INPUT DATA.

________________

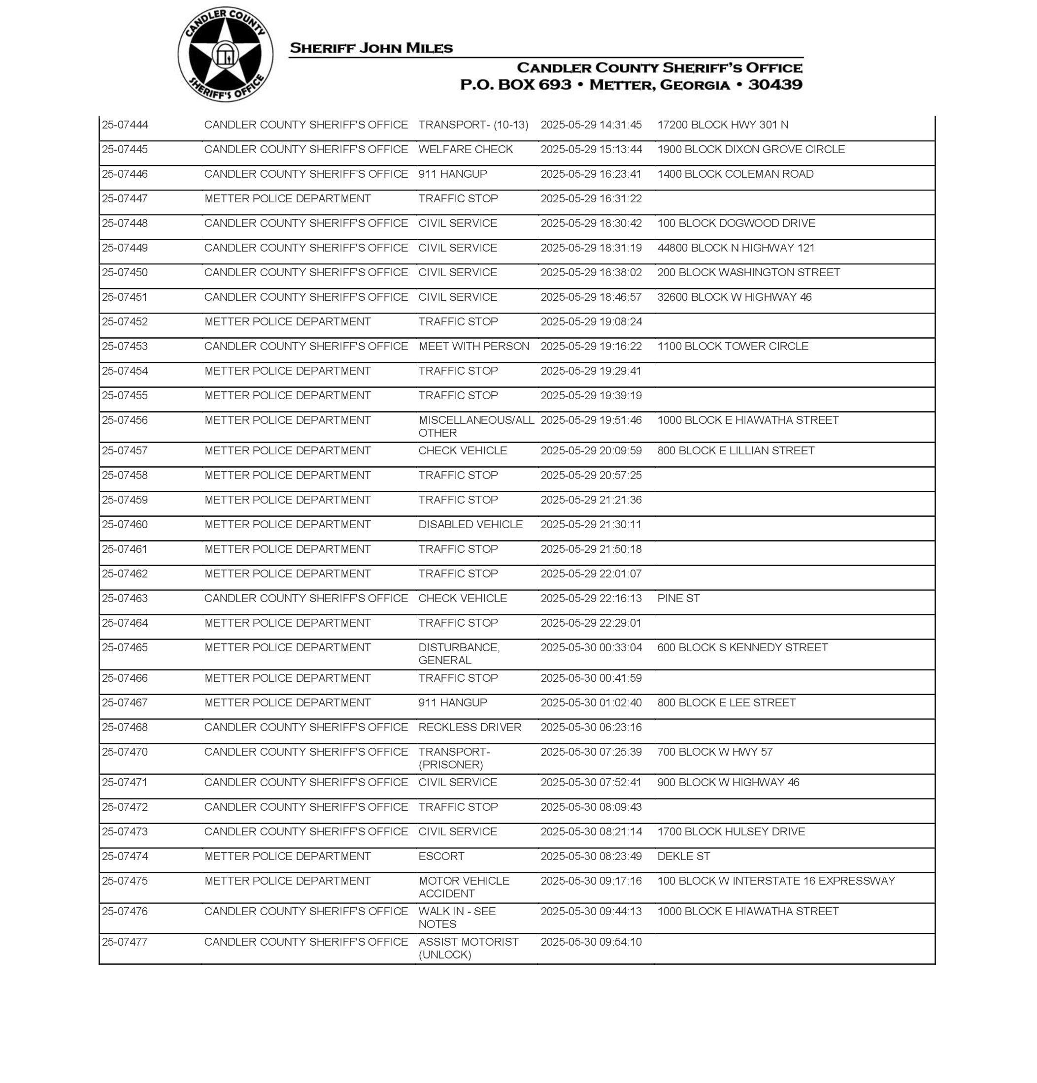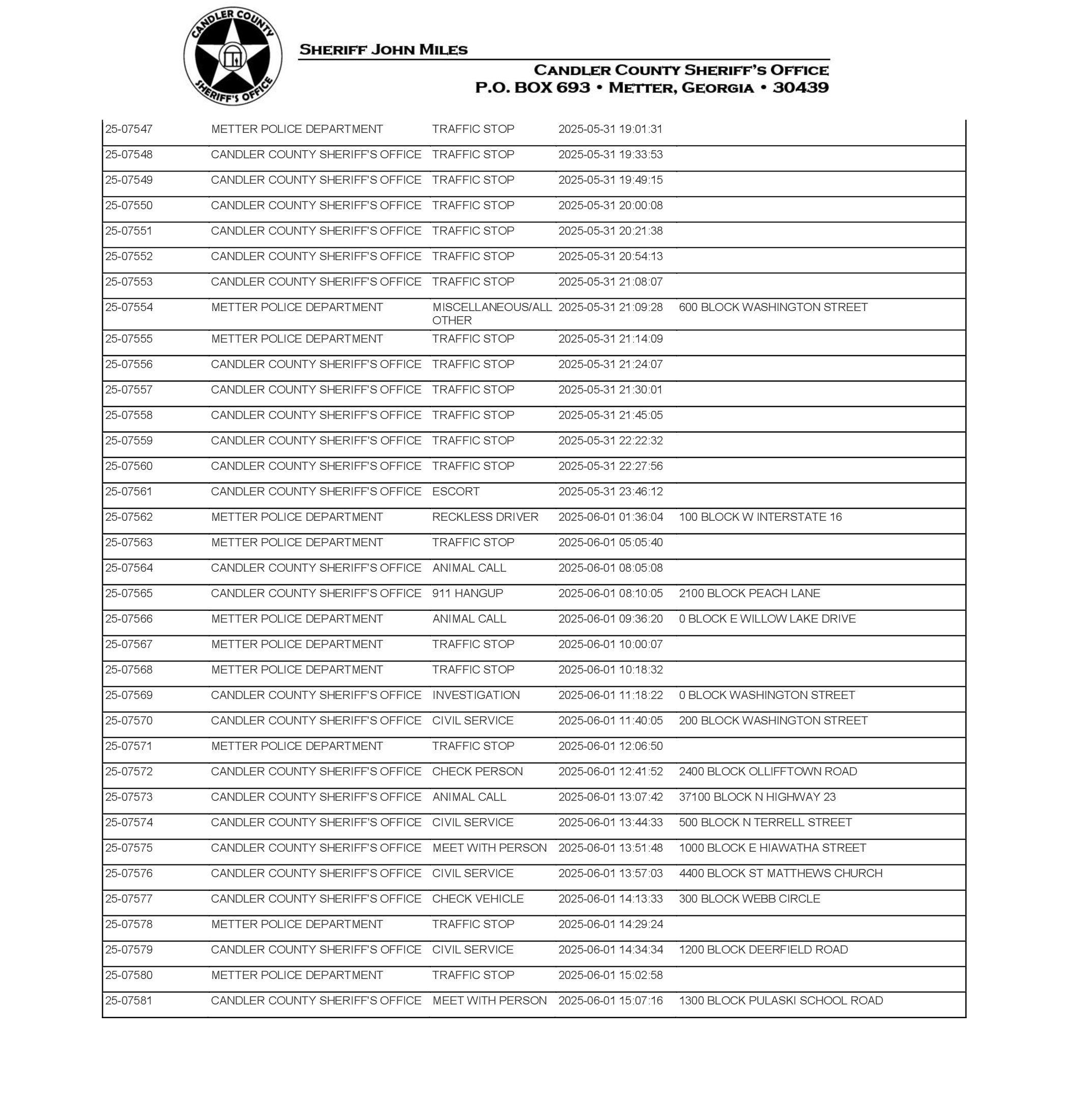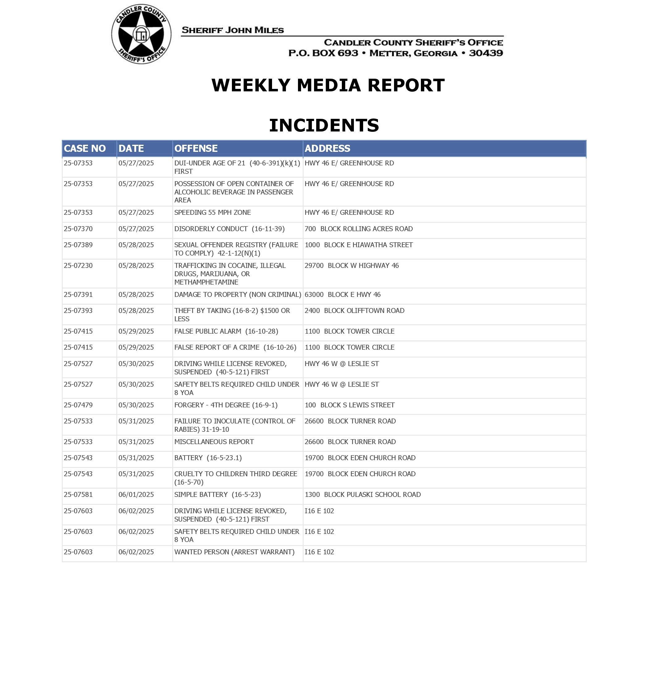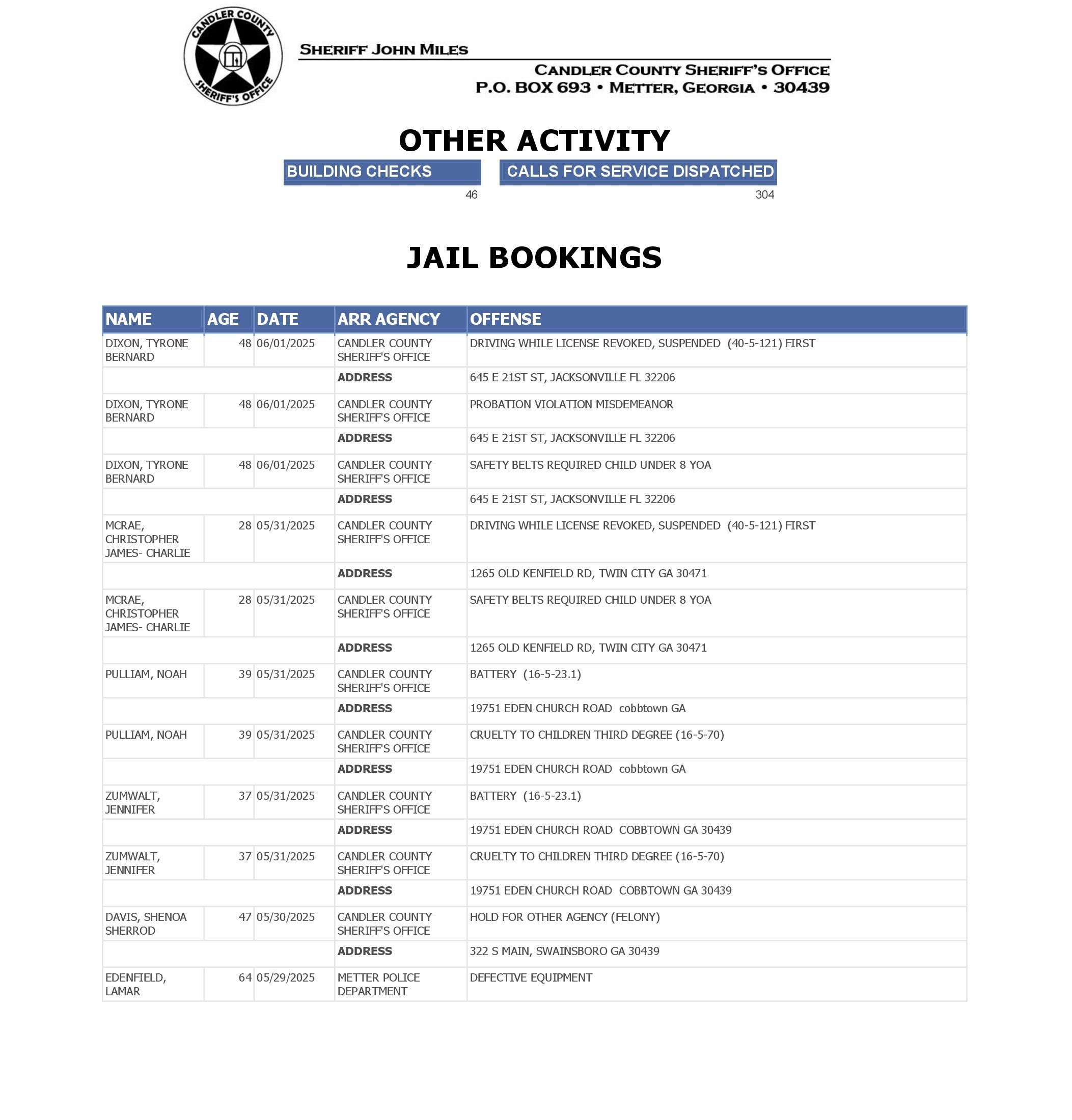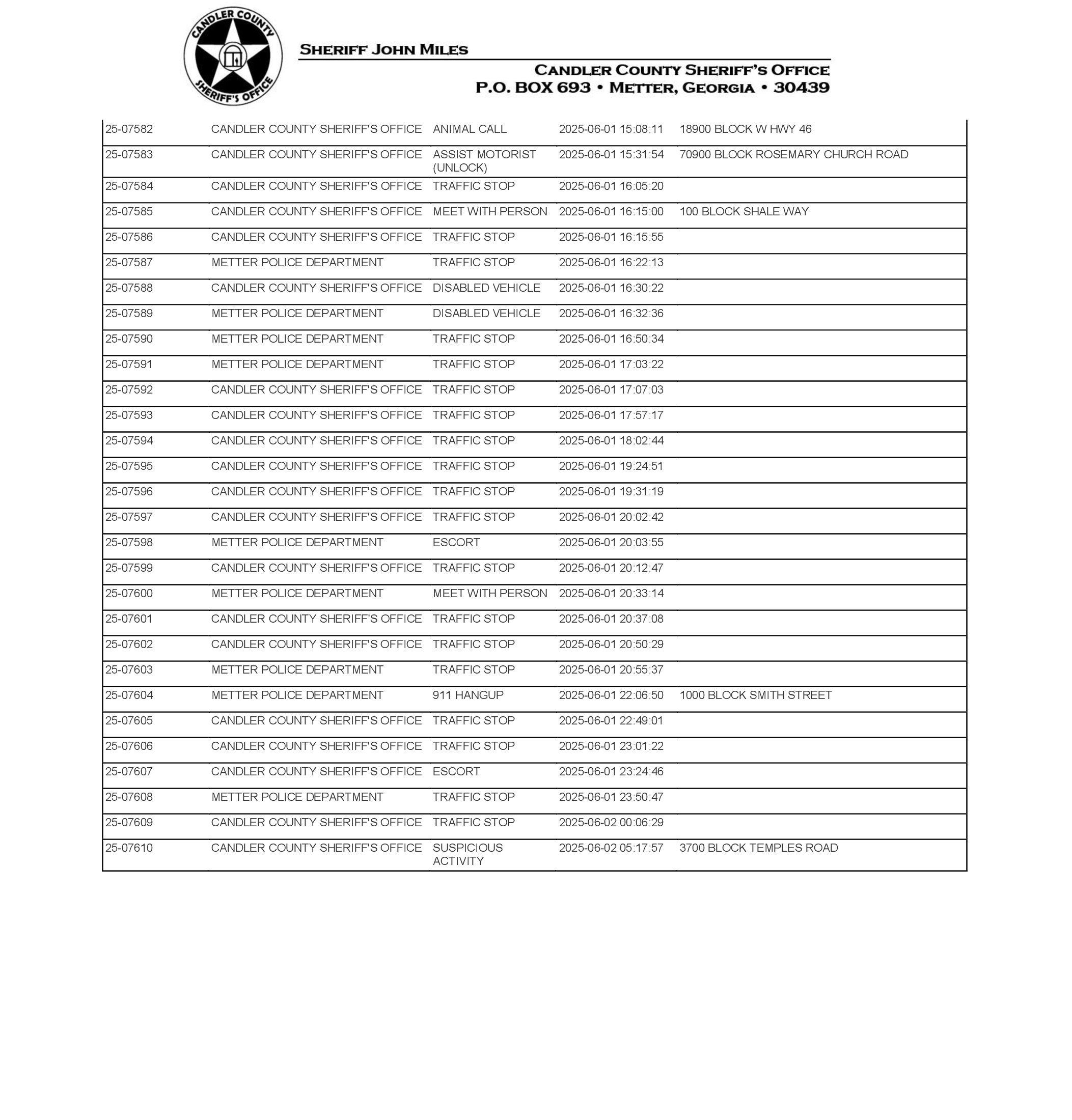 The Candler Co Jail Booking & Incident Report 06/02/25 details arrests from Metter, Candler County, and the Georgia State Patrol. Incident reports are from the Sheriff’s Office only.
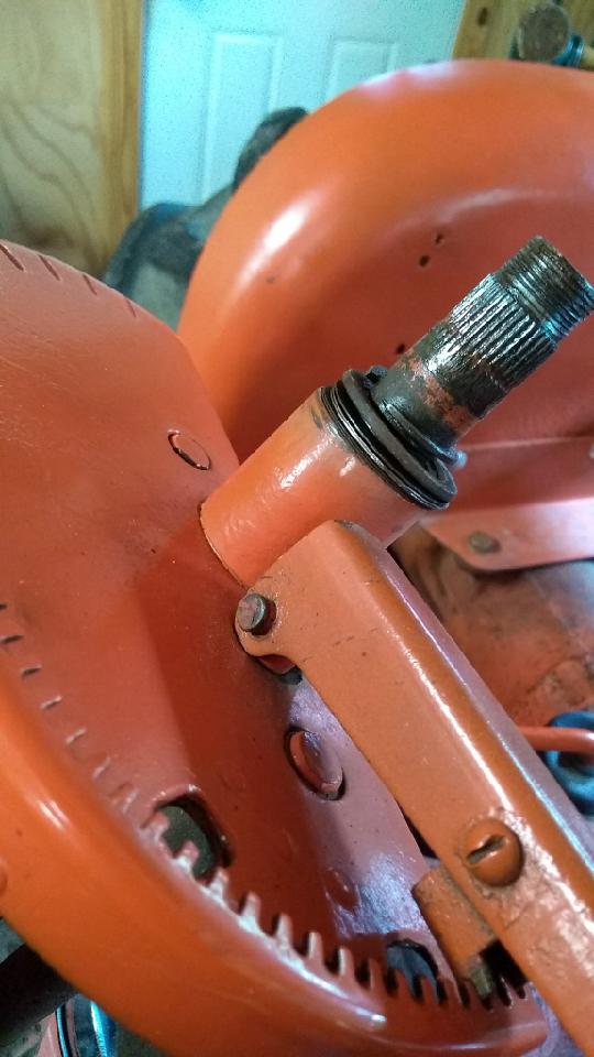 AC... dont think i was much help... On the B-C the shaft is attached SOLID at the gear box and extends up the hollow tube with a bushing at the top.. It is easily pushed down to install new.... and the shaft is tapered with a KEY way for the wheel..
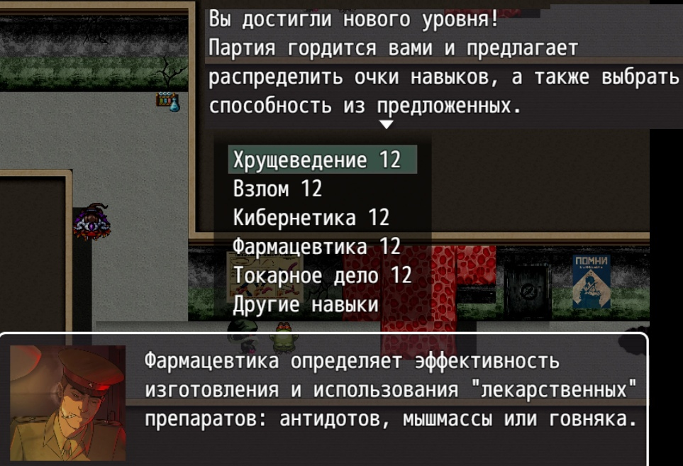 С повышением каждого уровня вам будет предложено вкачать очки в определённые навыки, которые отвечают как за боевые способности персонажа (умение пользоваться топливным или огнестрельным оружием, скрываться и наносить атаку из скрытности), так и изготовление боеприпасов, медицинских препаратов из слизи и даже специальный навык «бюрократия», позволяющий лучше писать документы о выполнении заданий (увеличивает награду) и доносы (позволяет избавиться от неугодных игровых персонажей).
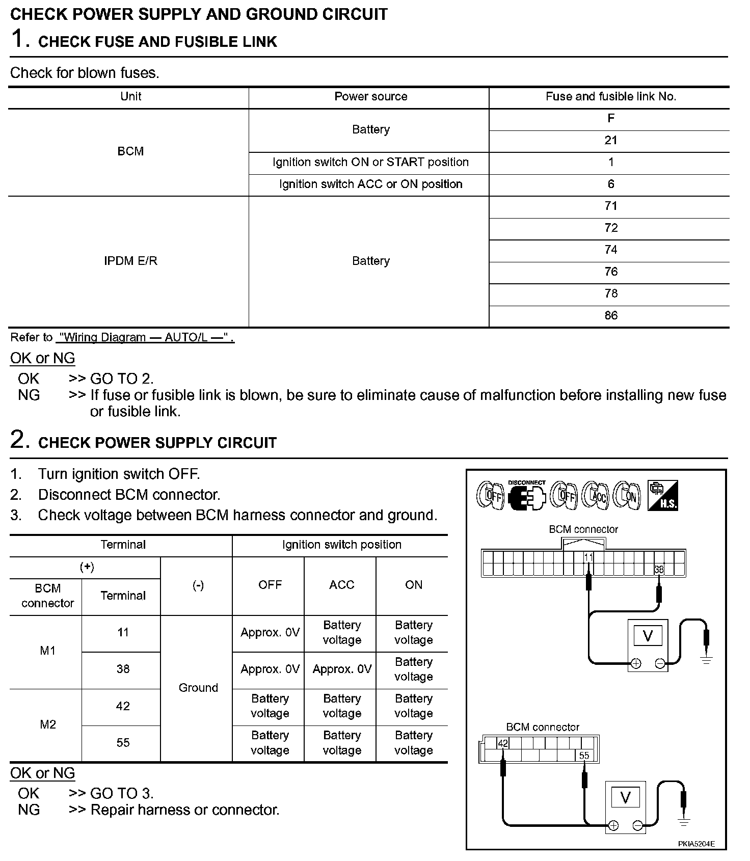 Check Power Supply And Ground Circuit (Steps 1 - 2):
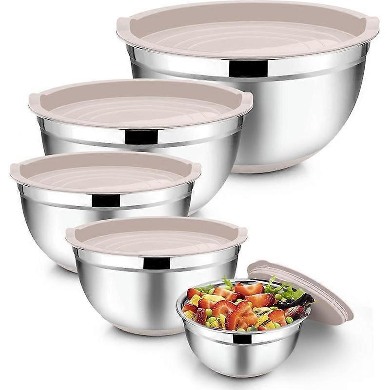 Mixing Bowls with Set, 7/3.5/2.5/1.5/1 QT, Stainless Steel Large Metal Salad Nesting Bowl, Non-Slip Bottom & Airtight Lid, & Deep - Set o
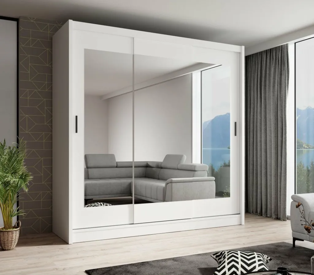 Garderobekast Alcamo 2 is een praktische kast uitgevoerd in mat witte kleur. De kledingkast beschikt over drie grote schuifdeuren waardoor ruimte wordt bespaard. Over de drie deuren lopen 3 spiegels in elkaar door. Het binnenwerk bestaat uit drie aparte delen. Aan de linkerzijde bevinden zich 4 legplanken. Rechts bevindt zich bovenin een groot open schap, met daaronder 2 delen met metalen stang om kleding aan op te hangen.
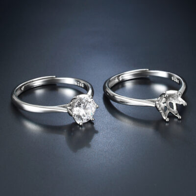 Âu Mỹ Tay Trang Trí Thời Trang Mở Nhẫn Cặp Nhẫn Nữ Zircon Kim Cương 6 Móng Vuốt Vương Miện Nhẫn Cưới Tay Trang Sức Bán Buôn
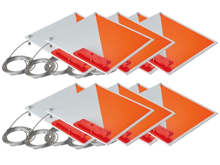Pakki með 10 ratleikjaskjám, þar á meðal klemmur af B-seríu og vír til festingar. Ratleikjaskjáirnir eru úr trefjaplasti, sem veitir hámarks endingu og gerir skemmdarverk erfitt. Skjáirnir eru veðurþolnir og auðveldir í uppsetningu. Appelsínuguli og hvíti ratleikjaskjárinn, 20 x 20 cm, er auðvelt að koma auga á í ratleiknum.
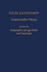 Band III der Hausdorff-Edition enthält Hausdorffs Band Mengenlehre", seine veröffentlichten Arbeiten zur deskriptiven Mengenlehre und Topologie sowie zahlreiche einschlägige Studien aus dem Nachlaß. Sein Buch Mengenlehre" erlangte besonders dadurch historische Bedeutung, als darin erstmals eine monographische Darstellung des damals aktuellen Standes der deskriptiven Mengenlehre gegeben wurde. Es ist hier von Spezialisten dieses Gebietes sorgfältig kommentiert worden. Auch die veröffentlichten Arbeiten sind mit ausführlichen Kommentaren versehen. Besonders umfassend ist in diesem Band der Edition der Nachlaß Hausdorffs berücksichtigt. Hingewiesen sei insbesondere auf seinen zahlreichen originellen Studien zu Themen der deskriptiven Mengenlehre und auf seine damals sehr originelle Vorlesung über algebraische Topologie vom Sommersemester 1933.
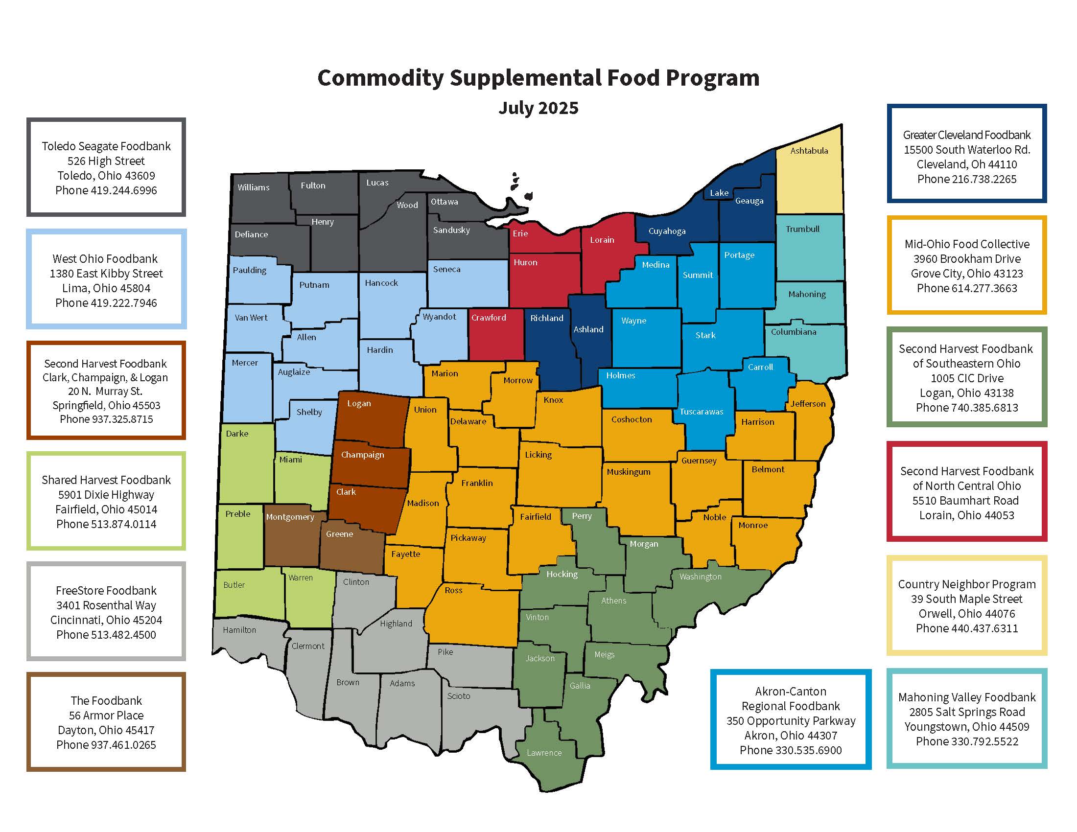 A federal nutrition assistance program that provides low-income, elderly Ohioans with a monthly box of food.

________________

YOUR INSTRUCTIONS.
Although pictures appear among the records above, write out exactly only the lines from the one that has "Check Power Supply" through the one that has "Mixing Bowls with", and leave the pictures out.

EXPECTED ANSWER.
 Check Power Supply And Ground Circuit (Steps 1 - 2):
 Mixing Bowls with Set, 7/3.5/2.5/1.5/1 QT, Stainless Steel Large Metal Salad Nesting Bowl, Non-Slip Bottom & Airtight Lid, & Deep - Set o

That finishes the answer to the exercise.